Here's how we hope the show pans out. We want to see Jamie Vardy acting as a sympathetic agony aunt one moment, a polemical moral arbiter the next. We want to see Jamie Vardy cooing over the lost souls of non-league, before lambasting them for their crippling dependence on protein shakes and excoriating them for going to Vodka Revs after Thursday night training sessions. We want to see Jamie Vardy demeaning grown men on live television, reducing them to tears by calling them "absolute full-kit wankers" as opposed to actual footballers.

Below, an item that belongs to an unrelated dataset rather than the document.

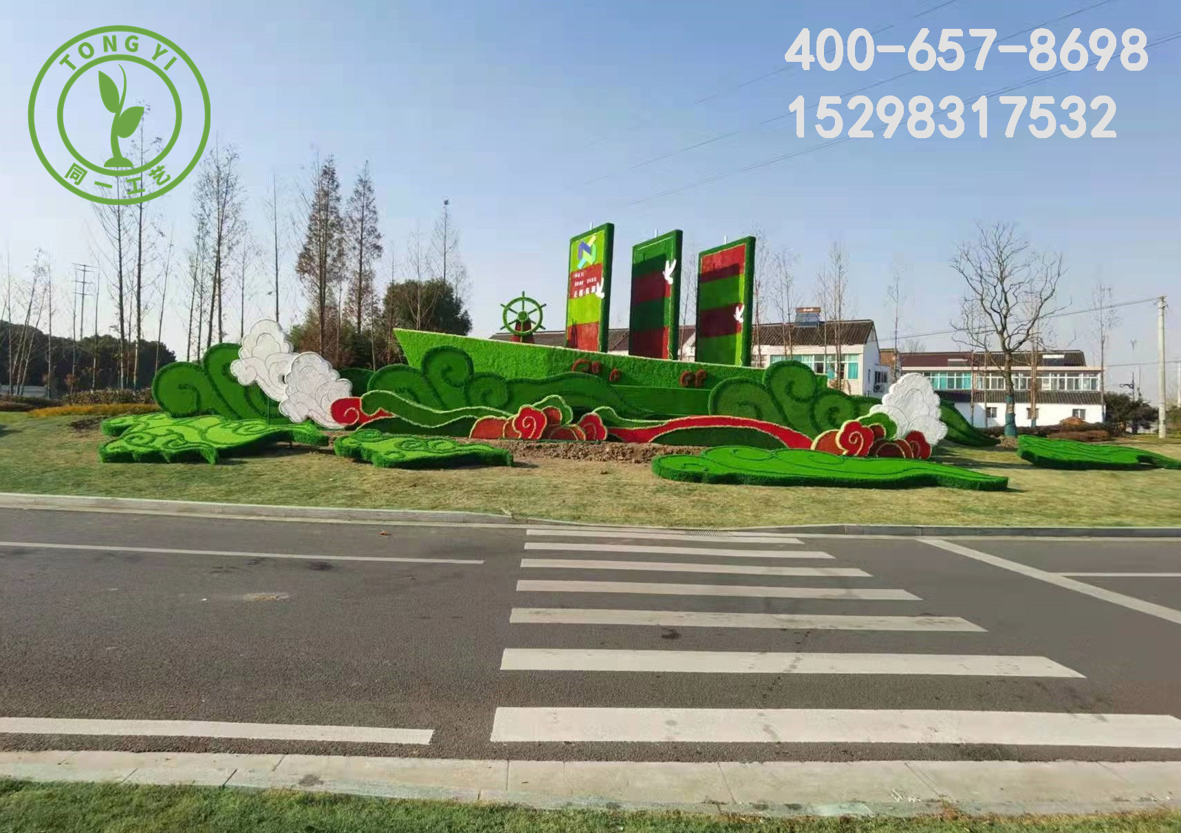 江蘇同一工藝品有限公司是一家專注于各類稻草工藝品 、卡通工藝品、仿真綠雕工藝品、立體花壇、輪胎工藝品 、五色草造型及仿真綠植墻、仿真花樹設計與制作的綜合性企業,承接風景區、旅游景點、花海山莊、農家樂、兒童樂園、特色小鎮等場所的主題點綴,景觀小品穿插,局部亮化等一些人工布景項目。公司擁有先進的設計理念,專業的制作團隊,以獨特的工藝,打造新穎的綠雕、草雕造型,贏得了客戶的青睞與信任。

"So let me get this straight, Keith. You missed your side's play-off final against Gosport Borough, so you could sleep with YOUR WIFE'S BEST MATE?" These are the sort of lines we want to hear on Jamie Vardy's Having An Academy. We will gasp, we will splutter, we will cry out in indignation at the filthy underbelly of non-league football. We want the most prurient, invasive insights we can possibly get into the sex lives of the Margate reserve team, and we want to feast upon the transient vindication it gives us when thinking of our own fathomless depravity. We want to hear tales of alcopop addiction, of excessive popper usage, of non-league footballers who've alienated their teammates by their absolute insistence on playing Chumbawamba's Greatest Hits from start to finish before every match.

More than anything, we want Jamie Vardy to preside over this carnival of debauchery. We want him to reveal lie detector results off laminated cue cards, dropping the bombshell that three Tonbridge Angels players missed the entirety of pre-season to go on a lads' holiday to Zante. We want to see a non-league reject declare his dream of becoming "the next Sylvan Ebanks-Blake", as Jamie Vardy offers to help him kick his terrible hippy crack habit.

These are our demands for Jamie Vardy's Having An Academy. Let's face it, nobody wants to watch a programme about non-league success stories. Give the people what they want; give the public the nihilistic daytime television they truly crave. Show them an academy of human misery, and let Jamie Vardy feast on their fear.